You can use a right fold to break up the list at down-steps:
foldr foo [] xs
where
foo x yss = (x:zs) : ws
where
(zs, ws) = case yss of
(ys#(y:_)) : rest
| x < y -> (ys,rest)
| otherwise -> ([],yss)
_ -> ([],[])
(It's a bit complicated in order to have the combining function lazy in the second argument, so that it works well for infinite lists too.)
One other way of approaching this task (which, in fact lays the fundamentals of a very efficient sorting algorithm) is using the Continuation Passing Style a.k.a CPS which, in this particular case applied to folding from right; foldr.
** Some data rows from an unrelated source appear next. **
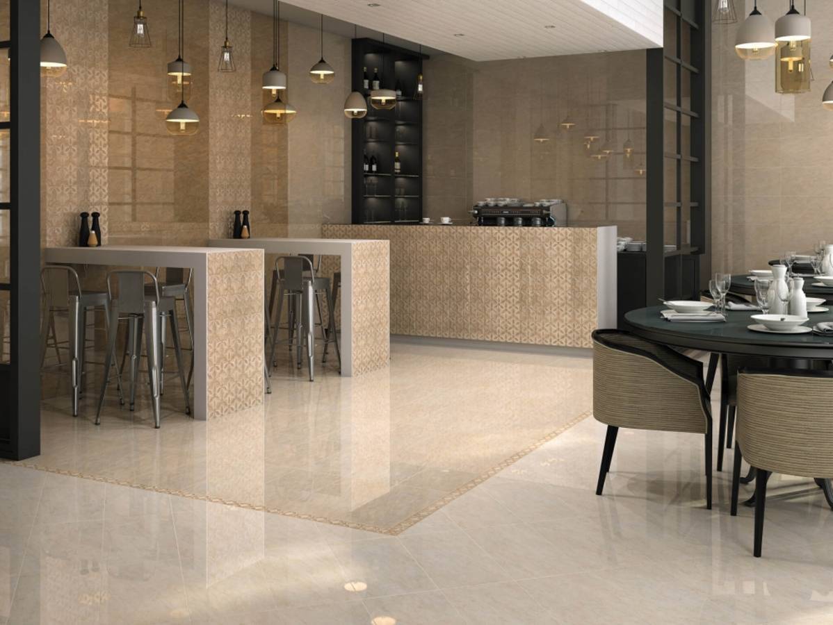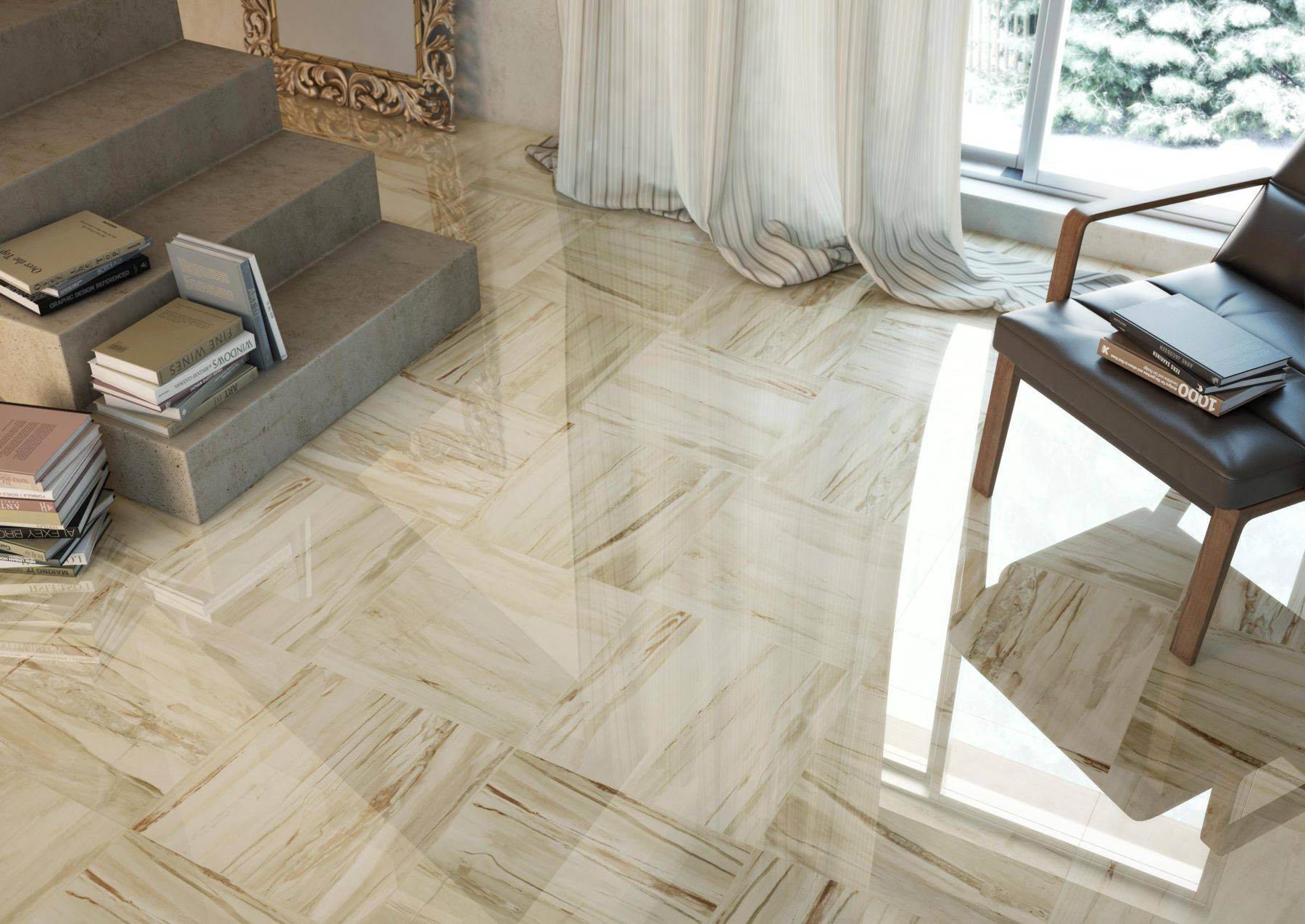 Полированная керамогранитная плитка. Поверхность зеркально – блестящая, цвет насыщенный и глубокий. Используется для отделки стен, фасадов и в качестве напольного покрытия, которое в первую очередь будет дополнять интерьер помещения. Категорически не подходит для влажных мест, так как при попадании жидкости, становится очень скользкой и лучше других видов впитывает влагу. При производстве используют абразивные вещества которые снижают износостойкость поверхности материала. Потому, полированной керамогранитной плитке требуется особый уход. Ее следует покрывать специальной мастикой, для дополнительной защиты поверхности. Если этого не делать, то поверхность с эффектом блеска, со временем будет матовой.
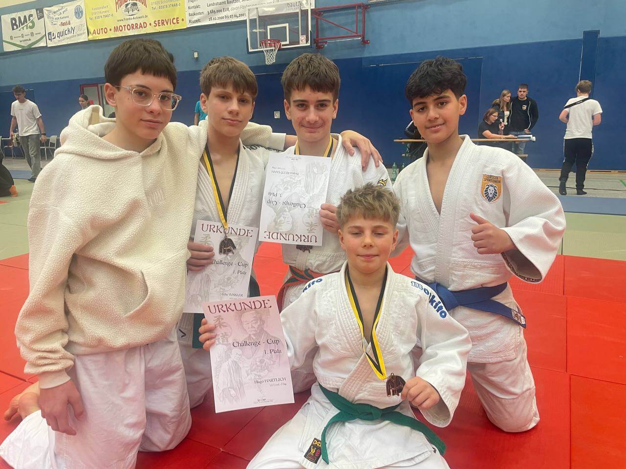 In der U15 traten Bruno Reitmann, Hugo Hartlich, Felix Voßler und Hamza Khalifa an. Bruno verlor zwar seinen Auftaktkampf, legte danach aber drei Ippon-Siege hin und holte Bronze. Hugo sicherte sich souverän Gold nach zwei klaren Erfolgen, genau wie Felix, der seinen Turniertag ebenfalls dominant gestaltete und ganz oben auf dem Treppchen landete. Hamza kämpfte mutig in einer höheren Gewichtsklasse, musste sich dort aber knapp geschlagen geben.
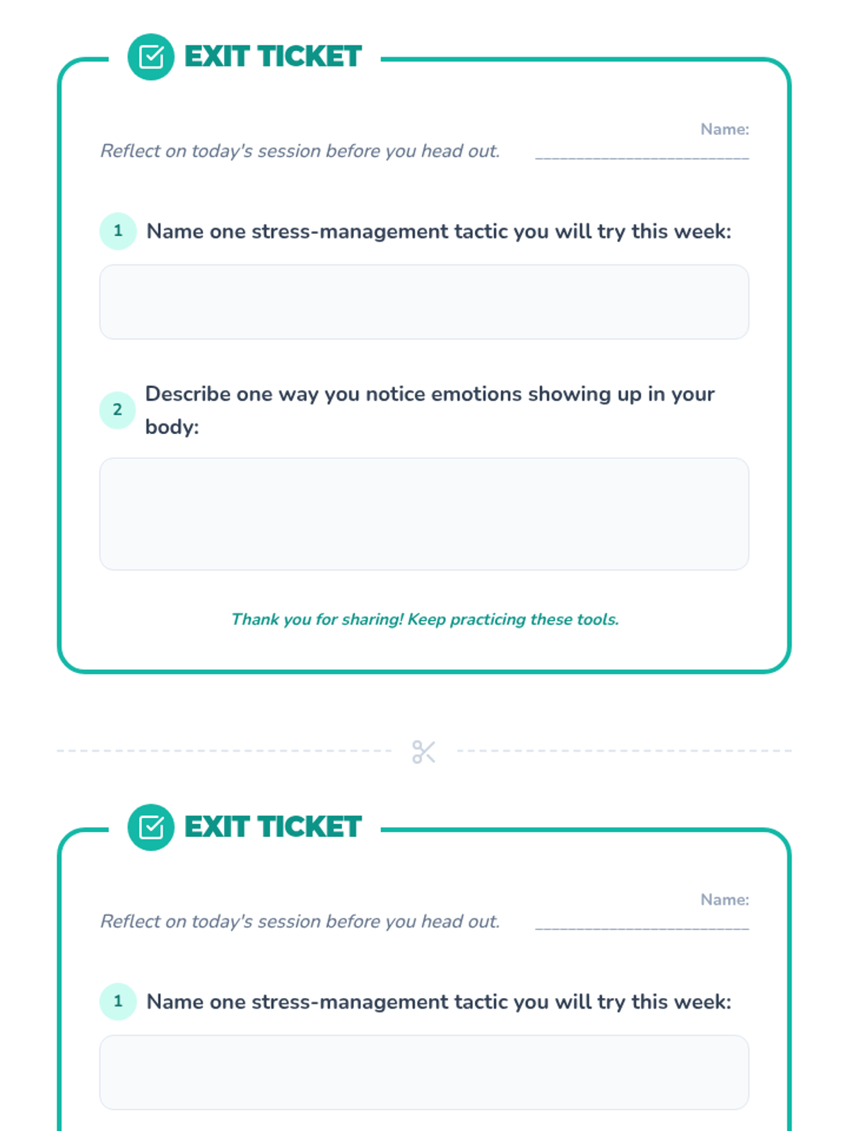 Reviewing various coping skills and creating a personalized 'Survival Kit' for future use.
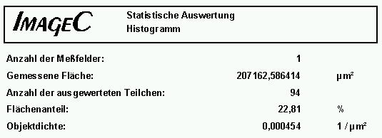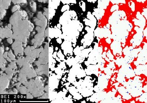 Oben: Bildersequenz aus Rückstreuelektronenbild, binarisiertem Schwarz-Weiß-Bild und ausgewertetem Bild. Rot: zur Flächenanalyse zugelassener Bereich. Blau: ausgeschlossener Bereich (Unregelmäßigkeiten im Originalbild, keine Poren). Die drei Einzelszenen zeigen den selben Bildausschnitt. Unten: Ergebnis der automatischen Bildanalyse. Bestimmt wurde der Flächenanteil mit ImageC von Imtronic. REM, Rückstreuelektronenbild, Originalvergrößerung 200x. |
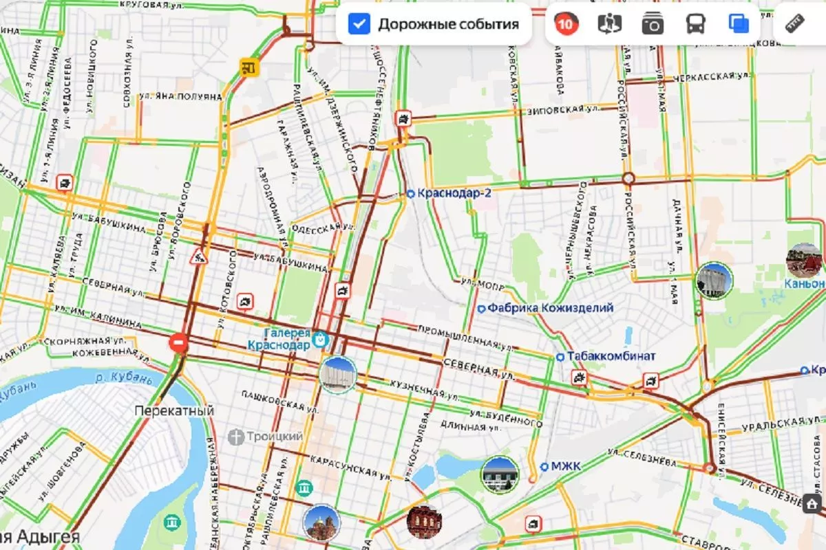 По традиции в бордовый цвет окрасились улицы в центре кубанской столицы – стоят Красная, Рашпилевская, Коммунаров, Хакурате, Одесская. Пробки образовались улице Северной, Промышленной, Кузнечной, Костылева, Янковского, Седина и других. Тургенева стоит от Гагарина в направлении моста. Также затор наблюдается перед Яблоновским мостом.
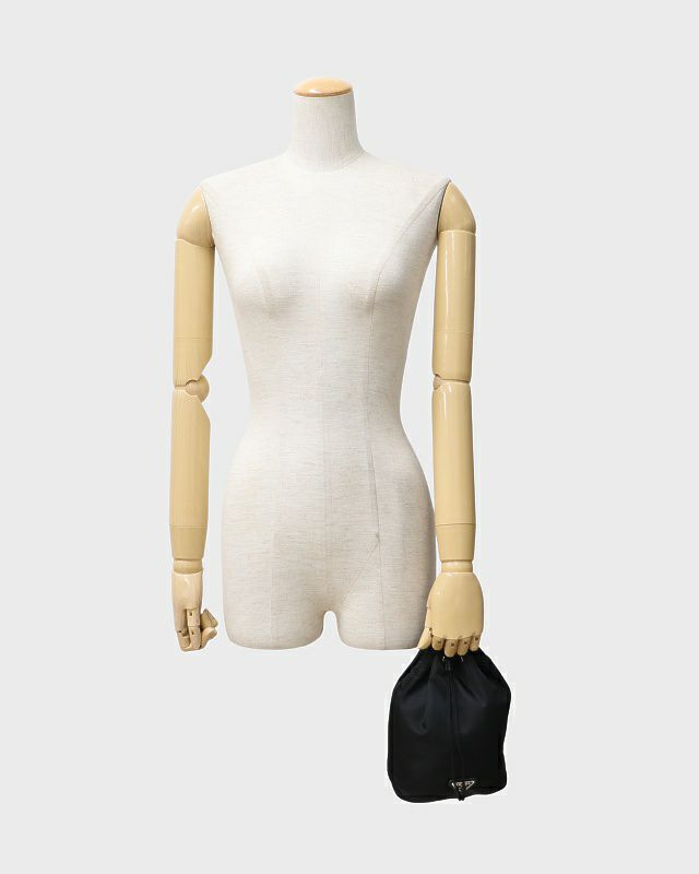 三角ロゴ金具ナイロン巾着ポーチ
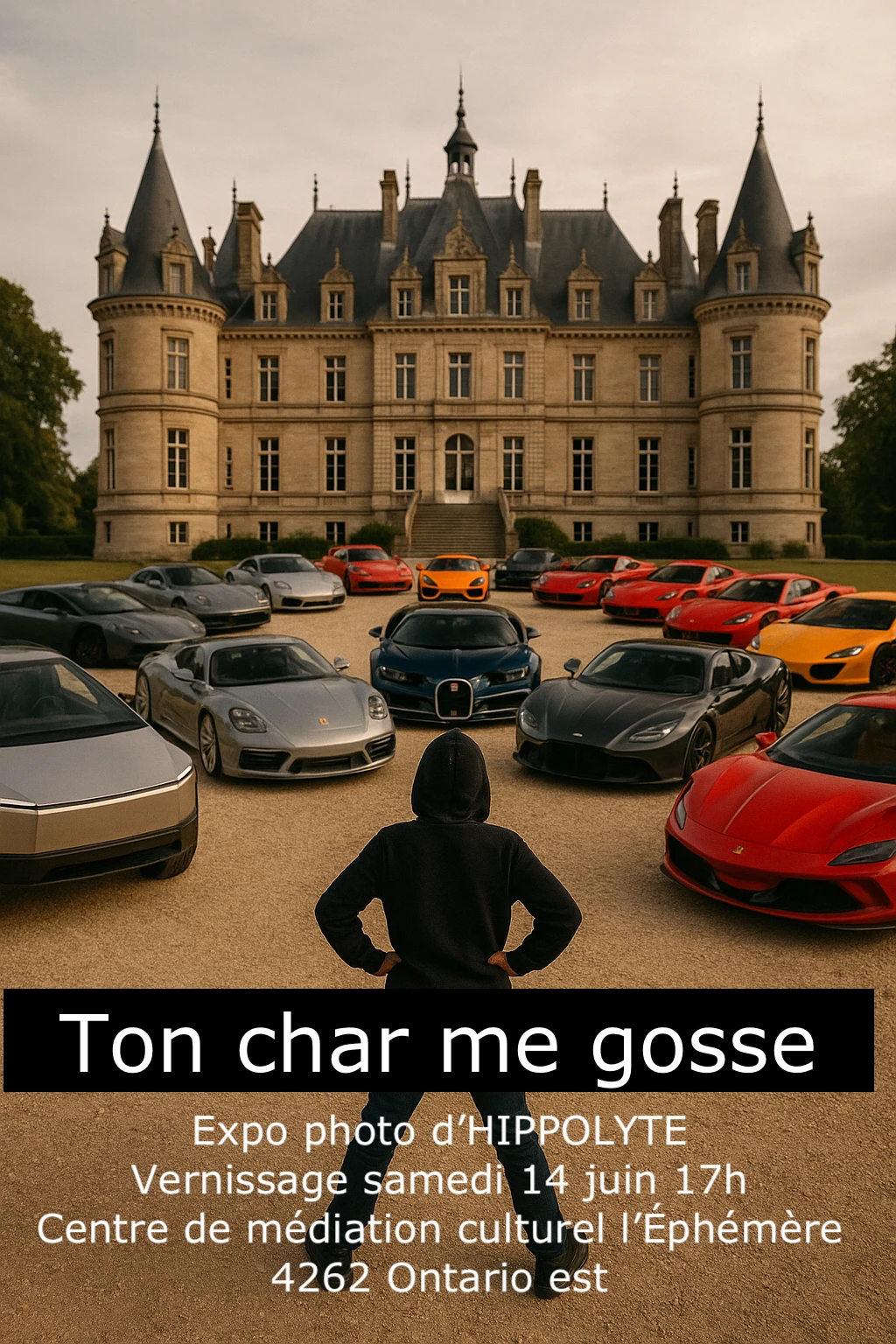Avec l’exposition Ton char me gosse, présentée les 14 et 15 juin au Centre de médiation culturel l’Éphémère dans Hochelaga, l’artiste a trouvé une manière pour le moins inusitée (euphémisme) de protester contre le culte des chars de luxe.
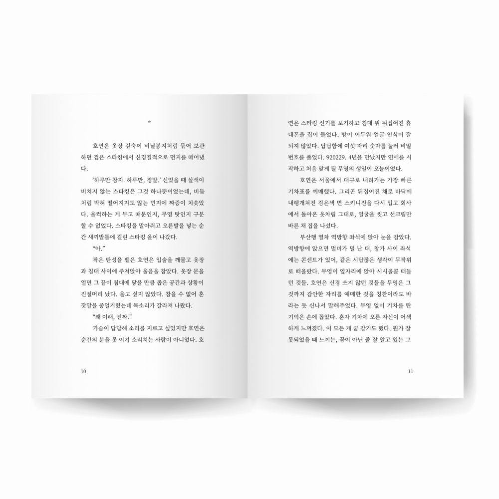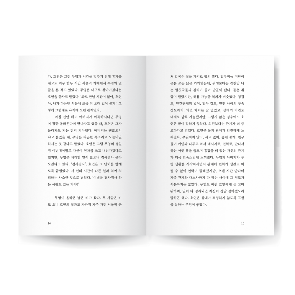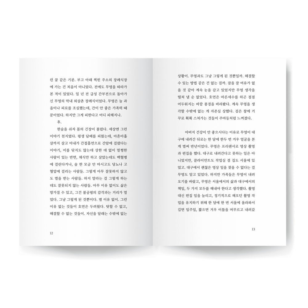 호연아. 호연아. 호연은 이름이 자신을 배신하고 찌르는 느낌을 받았다. 무영은 항상 호연의 이름을 불렀다. 굳이 이름을 붙이지 않아도 할 수 있는 모든 말에, 호연의 이름은 문장의 맨 앞에 불리기도 하고, 문장 끝에 덧붙이듯 불리기도 했다. 그게 갑자기 생경하게 느껴졌다. 호연은 무영의 이름을 잘 부르지 않았다. 이름을 부르지 않아도 하고 싶은 말을 할 수 있으니까. 수신자는 어차피 무영뿐이니까. 마시다 만 아메리카노 표면에 기름이 떠 있었다. 속이 메스꺼웠다. 아무 말도 않고 바로 앞의 커피잔만 바라보는 호연에게 무영은 덧붙였다. 아마 무영은 고개를 약간 오른쪽으로 꺾어 자신을 바라보지 않는 호연의 안색을 살피고 있을 것이다.
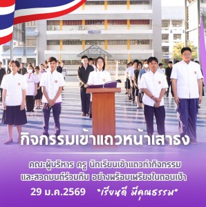 📅 วันจันทร์ที่ 26 มกราคม 2569 ดร.ฉัตรชัย พันธ์นุรัตน์ รองผู้อำนวยการ รักษาราชการในตำแหน่งผู้อำนวยการกาญจนาภิเษกวิทยาลัย ช่างทองหลวง มอบหมายให้ นางสำอางค์ ปินตาคำ รองผู้อำนวยการฯ คณะผู้บริหาร ครูและบุคลากรทางการศึกษา ร่วมต้อนรับนักเรียน นักศึกษา พร้อมกล่าวให้โอวาทและความรู้แก่นักเรียน นักศึกษา เพื่อเสริมสร้างกำลังใจในการเรียน และสร้างแรงบันดาลใจในการพัฒนาตนเอง และแจ้งข่าวสารประชาสัมพันธ์กิจกรรมต่างๆจากงานกิจกรรมนักเรียน นักศึกษา รวมถึงให้นักเรียน นักศึกษา โฮมรูมพบครูที่ปรึกษาหลังกิจกรรมเข้าแถวหน้าเสาธง เพื่อรับฟังข้อเสนอแนะ ติดตามผลการเรียน และพูดคุยถึงแนวทางการพัฒนาตนเองอย่างต่อเนื่อง 📌ณ ลานโดม อเนกประสงค์ กาญจนาภิเษกวิทยาลัย ช่างทองหลวง
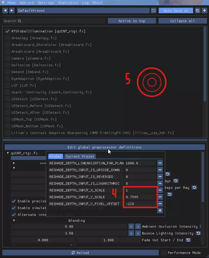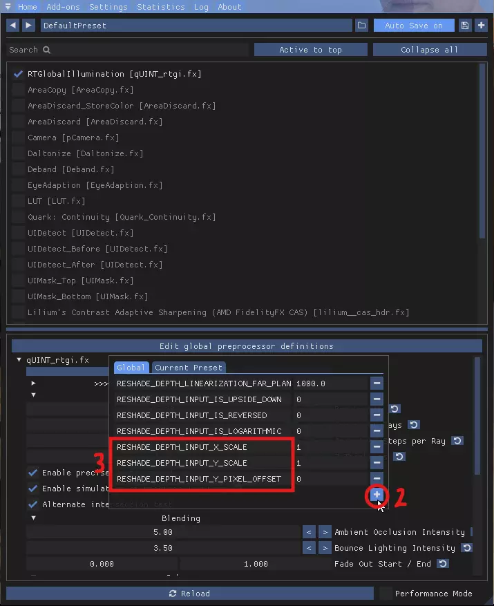 在“Global”(全局)部分,点击加号并填写生成的字段,输入以下相应文本。您需要创建三个字段,并填入以下文本: RESHADE_DEPTH_INPUT_X_SCALE RESHADE_DEPTH_INPUT_Y_SCALE RESHADE_DEPTH_INPUT_Y_PIXEL_OFFSET 4. 和 5.
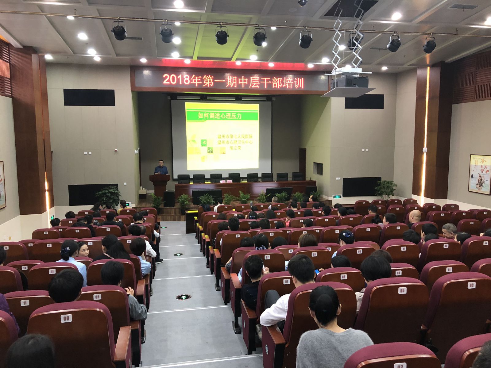 我院举办2018年第一期中层干部培训4月13日,我院2018年第一期中层干部培训在综合楼八楼报告厅举行,100余名中层干部参加了此次培训。 为了充分发挥干部的积极性、主动性、创造性,关爱干部的身心健康,此次培训特邀温州市第七人民医院胡立荣主任医…查看详情+

As is, this answer would only chunk up the ascending chunks however, it would be nice to chunk up the descending ones at the same time... preferably in reverse order all in O(n) which would leave us with only binary merging of the obtained chunks for a perfectly sorted output. Yet that's another answer for another question.
chunks :: Ord a => [a] -> [[a]]
chunks xs = foldr go return xs $ []
where
go :: Ord a => a -> ([a] -> [[a]]) -> ([a] -> [[a]])
go c f = \ps -> let (r:rs) = f [c]
in case ps of
[] -> r:rs
[p] -> if c > p then (p:r):rs else [p]:(r:rs)
*Main> chunks [4,5,6,7,1,2,3,4,5,6,1,2]
[[4,5,6,7],[1,2,3,4,5,6],[1,2]]
*Main> chunks [4,5,6,7,1,2,3,4,5,4,3,2,6,1,2]
[[4,5,6,7],[1,2,3,4,5],[4],[3],[2,6],[1,2]]
In the above code c stands for current and p is for previous and again, remember we are folding from right so previous, is actually the next item to process.